Making some progress on CONFIG_PREEMPT_RT-compatible RCU.  Am exploring
two approaches, the lock-based approach discussed earlier and a
counter-flip approach, with the latter very likely being the method
of choice.  The reason for working the former is to get myself up to
speed on details of CONFIG_PREEMPT_RT with something relatively simple.

I am basing my work off of:

	http://people.redhat.com/mingo/realtime-preempt/older/realtime-preempt-2.6.12-rc1-V0.7.41-14

since it works well on a four-CPU x86 system.  I will port forward when
I have something worth considering for inclusion.  To reiterate, the
patches referenced below are playtoys, for experimental and educational
use only.


Lock-Based Approach

1.	Trivial working patch:

	http://www.rdrop.com/users/paulmck/RCU/patches/lbdf-2a.patch

	This one uses a single rwlock and a single global callback
	list.  This of course means that only one task may be in
	an RCU read-side critical section at a time.  Even so,
	I had to split synchronize_kernel() into synchronize_rcu()
	and synchronize_sched() -- I get infrequent hangs otherwise.
	The implementation of synchronize_sched() is probably not what
	it eventually needs to be, since it simply forces each CPU to
	context switch, whether voluntary or preemption.  Will be looking
	into this later on.

2.	Slightly less trivial working patch:

	http://www.rdrop.com/users/paulmck/RCU/patches/lbdf-3a.patch

	This one uses a per-CPU rwlock, but keeps the single global
	callback list.  It is otherwise identical to #1.

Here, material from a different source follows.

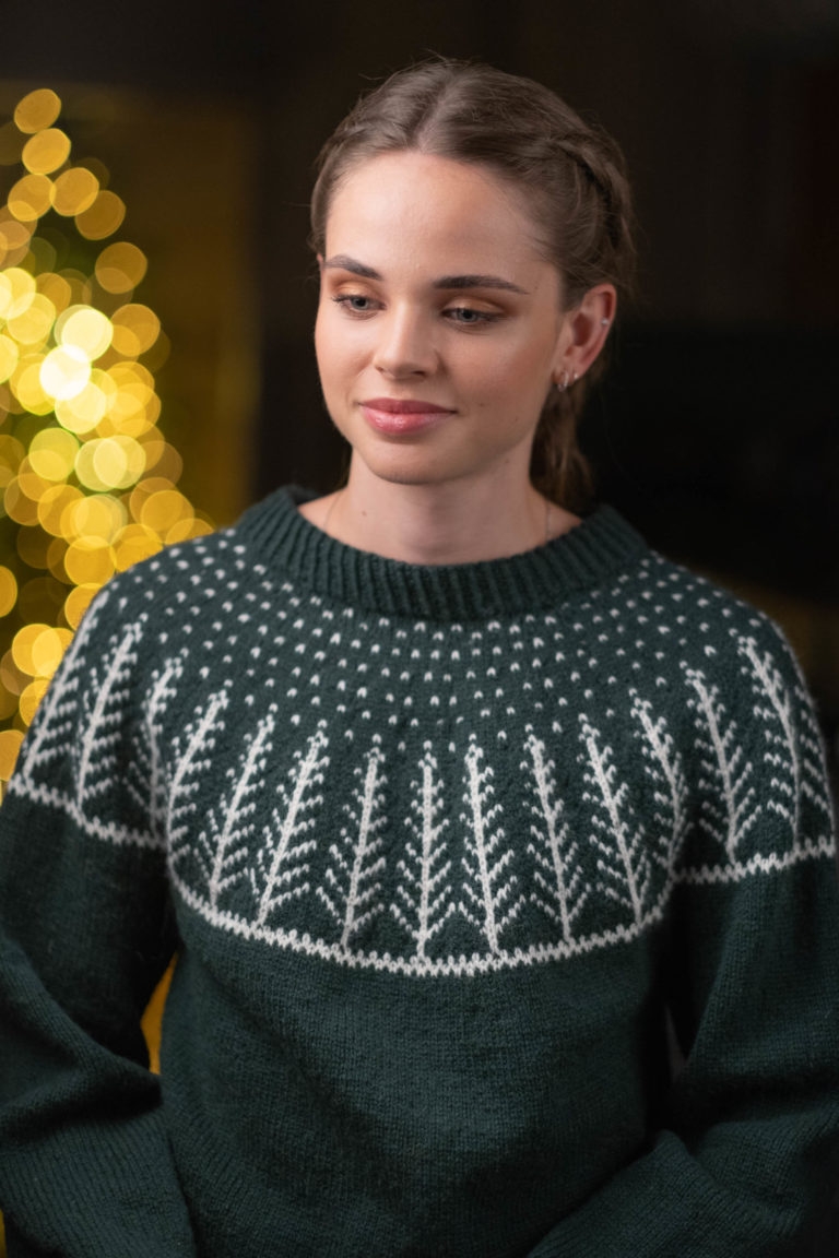 Strikkepakke med garn og oppskrift på Juleskog - Julegenser med snødekte grantrær

Next step is to go to per-CPU callback lists.  If I was taking this
approach seriously, I would also experiment with multiple RCU read-side
locks per CPU, but I don't believe I would learn anything from that
exercise.

The reason that I am not taking this approach seriously is that it
can impose high latencies on RCU read-side critical sections, as
discussed earlier on LKML.  It also has high rcu_read_lock() and
rcu_read_unlock() overhead.


Counter-Based Approach

The current implementation in Ingo's CONFIG_PREEMPT_RT patch uses a
counter-based approach, which seems to work, but which can result in
indefinite-duration grace periods.  The following are very hazy thoughts
on how to get the benefits of this approach, but with short grace periods.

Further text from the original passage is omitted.